A Distributed Game Methodology for Crowdsensing in Uncertain Wireless Scenario

With the exponentially increasing number of mobile devices, crowdsensing has been a hot topic to use the available resource of neighbor mobile devices to perform sensing tasks cooperatively. However, there still remain three main obstacles to be solved in the practical system. First, since mobile devices are selfish and rational, it is natural to provide cooperation for sensing with a reasonable payment. Meanwhile, due to the arrival and departure of sensing tasks, resource should be allocated and released dynamically when sensing task comes or leaves.
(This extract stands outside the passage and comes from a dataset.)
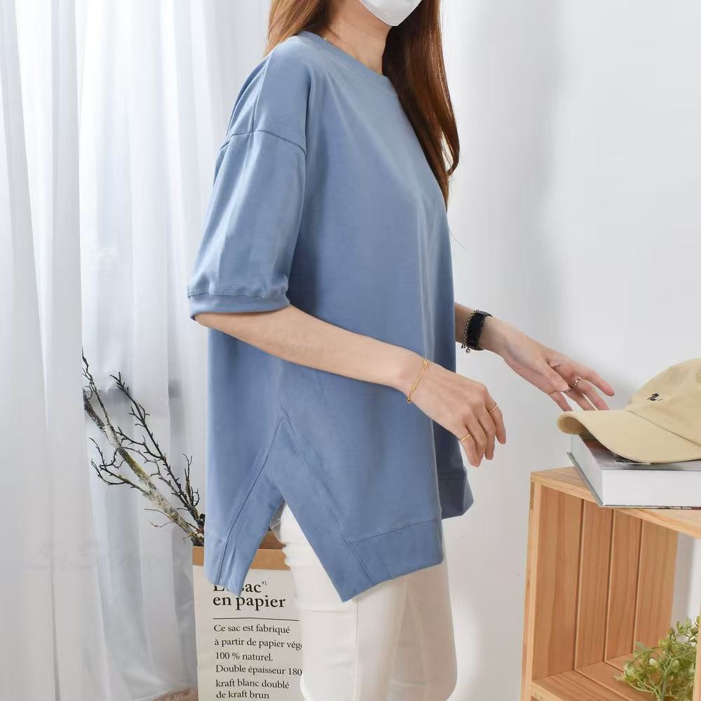 夏の新型の中袖の側の袋のゆったりした版の中の長いタイプの洋服の純色のシンプルな純色の女性のtシャツのカジュアルな上着

To this end, this paper designs a game theoretic approach based incentive mechanism to encourage the “best” neighbor mobile devices to share their own resource for sensing. Next, in order to adjust resource among mobile devices for the better crowdsensing response, an auction based task migration algorithm is proposed, which can guarantee the truthfulness of announced price of auctioneer, individual rationality, profitability, and computational efficiency. Moreover, taking into account the random movement of mobile devices resulting in the stochastic connection, we also use multi-stage stochastic decision to take posterior resource allocation to compensate for inaccurate prediction. The numerical results show the effectiveness and improvement of the proposed multi-stage stochastic programming based distributed game theoretic methodology (SPG) for crowdsensing.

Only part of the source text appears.